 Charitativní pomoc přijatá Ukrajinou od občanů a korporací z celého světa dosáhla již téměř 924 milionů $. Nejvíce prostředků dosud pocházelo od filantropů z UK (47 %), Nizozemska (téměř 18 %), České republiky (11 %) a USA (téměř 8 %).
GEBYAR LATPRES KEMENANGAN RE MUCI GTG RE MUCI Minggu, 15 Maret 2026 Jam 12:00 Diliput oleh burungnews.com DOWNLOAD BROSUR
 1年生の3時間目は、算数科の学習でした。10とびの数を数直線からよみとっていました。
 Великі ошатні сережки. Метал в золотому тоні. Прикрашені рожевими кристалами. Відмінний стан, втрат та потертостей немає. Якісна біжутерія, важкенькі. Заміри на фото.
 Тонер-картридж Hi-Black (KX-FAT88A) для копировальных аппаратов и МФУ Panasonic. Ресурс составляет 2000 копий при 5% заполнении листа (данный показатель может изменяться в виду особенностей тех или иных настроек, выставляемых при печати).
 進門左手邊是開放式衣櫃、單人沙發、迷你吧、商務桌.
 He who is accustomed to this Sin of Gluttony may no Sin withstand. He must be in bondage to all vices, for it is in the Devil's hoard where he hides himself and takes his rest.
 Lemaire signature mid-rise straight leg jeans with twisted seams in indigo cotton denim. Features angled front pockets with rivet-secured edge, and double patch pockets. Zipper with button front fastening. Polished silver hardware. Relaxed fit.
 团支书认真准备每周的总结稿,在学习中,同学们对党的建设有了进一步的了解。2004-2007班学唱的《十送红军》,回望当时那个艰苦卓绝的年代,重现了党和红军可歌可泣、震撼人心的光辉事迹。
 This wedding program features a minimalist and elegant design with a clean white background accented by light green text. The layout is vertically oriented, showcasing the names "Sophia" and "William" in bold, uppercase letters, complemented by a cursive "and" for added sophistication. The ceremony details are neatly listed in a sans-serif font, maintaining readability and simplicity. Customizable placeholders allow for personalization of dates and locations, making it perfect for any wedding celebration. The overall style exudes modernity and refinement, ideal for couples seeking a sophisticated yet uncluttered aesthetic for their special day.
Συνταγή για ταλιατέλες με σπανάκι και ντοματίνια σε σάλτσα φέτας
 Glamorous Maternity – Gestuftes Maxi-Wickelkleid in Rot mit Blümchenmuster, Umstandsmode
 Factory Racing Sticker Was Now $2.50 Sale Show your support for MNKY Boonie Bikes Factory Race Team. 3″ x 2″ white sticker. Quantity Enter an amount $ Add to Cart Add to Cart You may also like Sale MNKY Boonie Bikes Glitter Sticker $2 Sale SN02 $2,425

━━━━━━━━━━━━━━━━

**What you will do**
Show, from the listing above, each line that contains the word "white".

**Solved problem**
 This wedding program features a minimalist and elegant design with a clean white background accented by light green text. The layout is vertically oriented, showcasing the names "Sophia" and "William" in bold, uppercase letters, complemented by a cursive "and" for added sophistication. The ceremony details are neatly listed in a sans-serif font, maintaining readability and simplicity. Customizable placeholders allow for personalization of dates and locations, making it perfect for any wedding celebration. The overall style exudes modernity and refinement, ideal for couples seeking a sophisticated yet uncluttered aesthetic for their special day.
 Factory Racing Sticker Was Now $2.50 Sale Show your support for MNKY Boonie Bikes Factory Race Team. 3″ x 2″ white sticker. Quantity Enter an amount $ Add to Cart Add to Cart You may also like Sale MNKY Boonie Bikes Glitter Sticker $2 Sale SN02 $2,425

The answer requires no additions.